I feel like I switch main sonas too much tbh
I've been in the fandom since I was 11 and now I'm 17

My timeline of my main fursonas:
9-12: Swift,an androgynous white cat with blue stripes and odd eyes,always wore a scarf (I had a fursona since I was 9 but I didn't know what a furry was till I was 11)
13: Xena,a female emo wolf,with black,purple,red and green (decided to switch it up,oh god what was I doing)
13: Ashe a,non-binary dog of an unspecified breed,who was gray and white (which apparently was a cat for awhile till I redesigned them and they were a dog again)
14:  Jack,a male brown and white lundehund
15: Jake,a male brown and white pitbull
16-17 :Finn,a male gray-brown and white manx
17: Russell,a male brown serval
17-future: Cedar,a male brown and cream opossum (seen in my icon)
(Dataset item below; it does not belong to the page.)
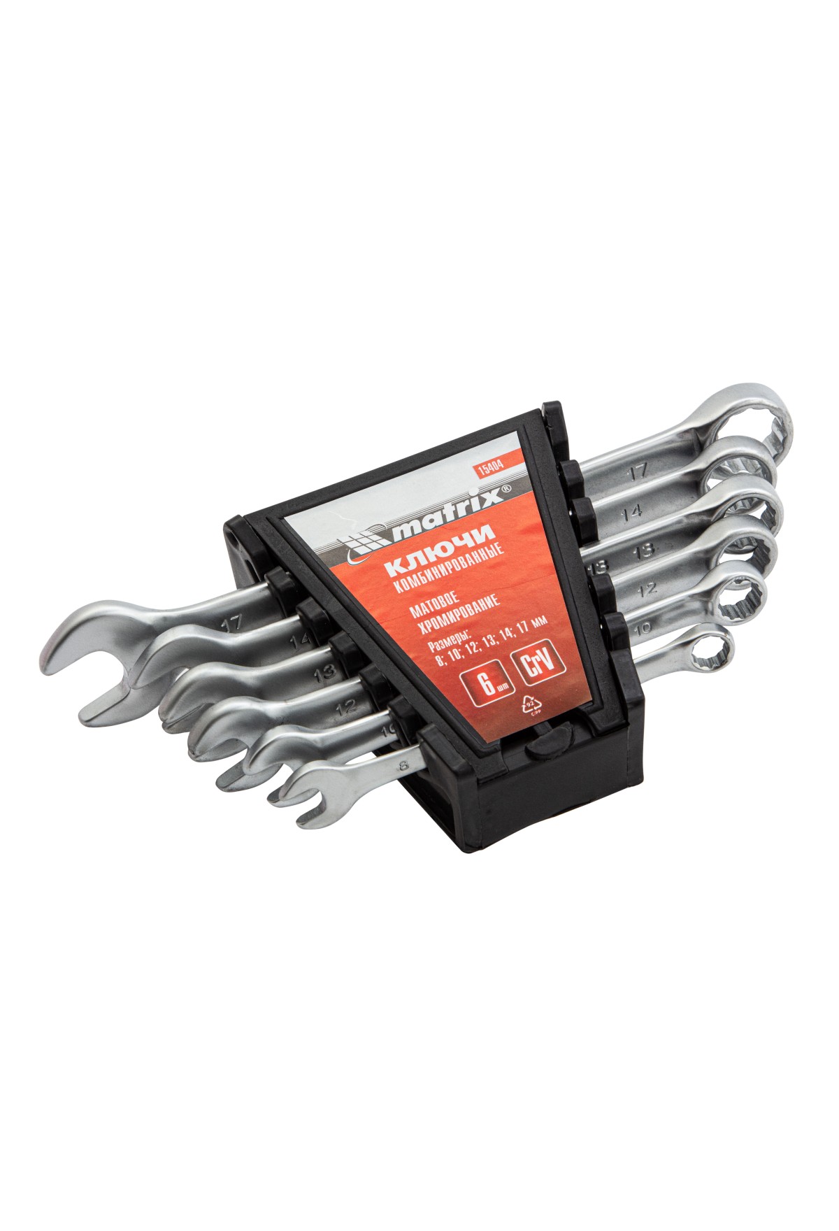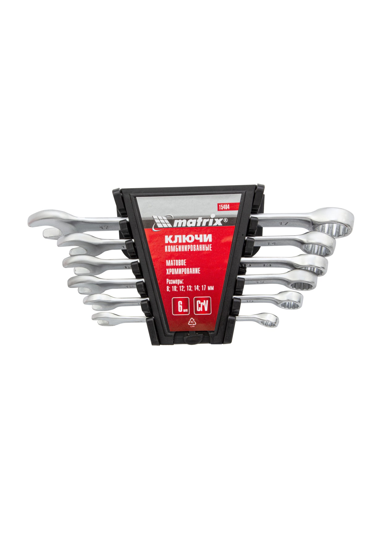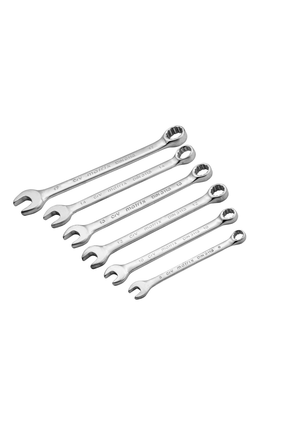 Набор ключей комбинированных, 8-17 мм, 6 шт, CrV, матовый хром Matrix
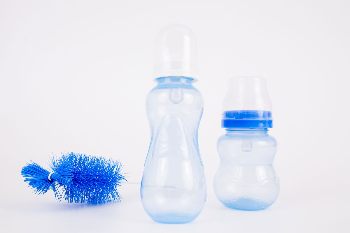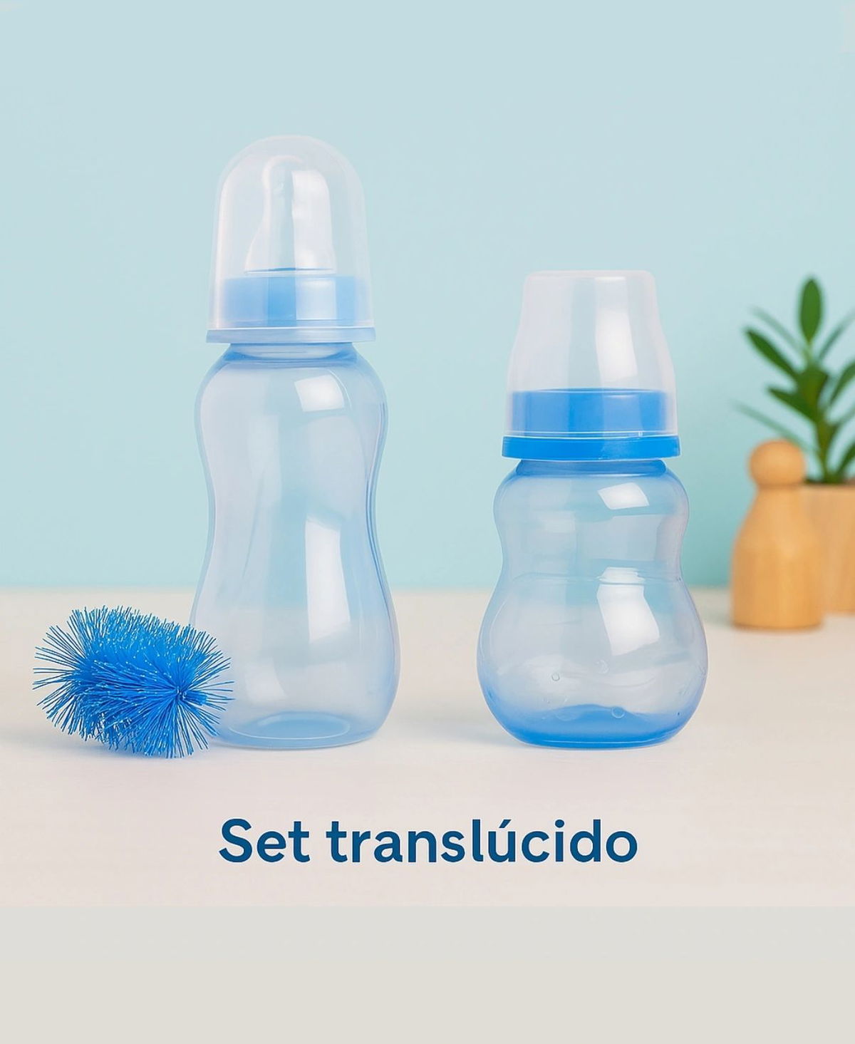 Mamadera pepona, mamadera translúcida y limpiamamadera.

I've had sooo many other fursonas but these were the mains

You can post your fursona timeline too,if you want


----------



## Degadoodle (Feb 11, 2018)

Just one, good ol Avery, my blue jay sweetheart.


----------



## Casey Fluffbat (Feb 11, 2018)

2014 - 2016: A nameless black cat.

2016 - present: Casey (Robber fly).


----------



## Pompadork (Feb 11, 2018)

2015(?)-2016: An edgy purple unicorn named Lil Darlin
2017-present: An emo highlands cattle named Axxe!


----------



## Mayflower (Feb 11, 2018)

Constance is the only fursona I've ever had. I had several other ideas before developing her, but it's been so long that I don't even remember them anymore. 

There have been times where I've been a little envious of other people's fursonas. Mainly when they were very beautiful, original or just very popular. It has often been petite or innocent characters. Things that Constance simply isn't. It hasn't made me change, though, as Constance is simply my favorite anthro character. Flaws and all.


----------



## backpawscratcher (Feb 11, 2018)

Only the one fursona.

<- this guy here.

Happy to play other parts, but to me it’s just BackPaw playing dress up.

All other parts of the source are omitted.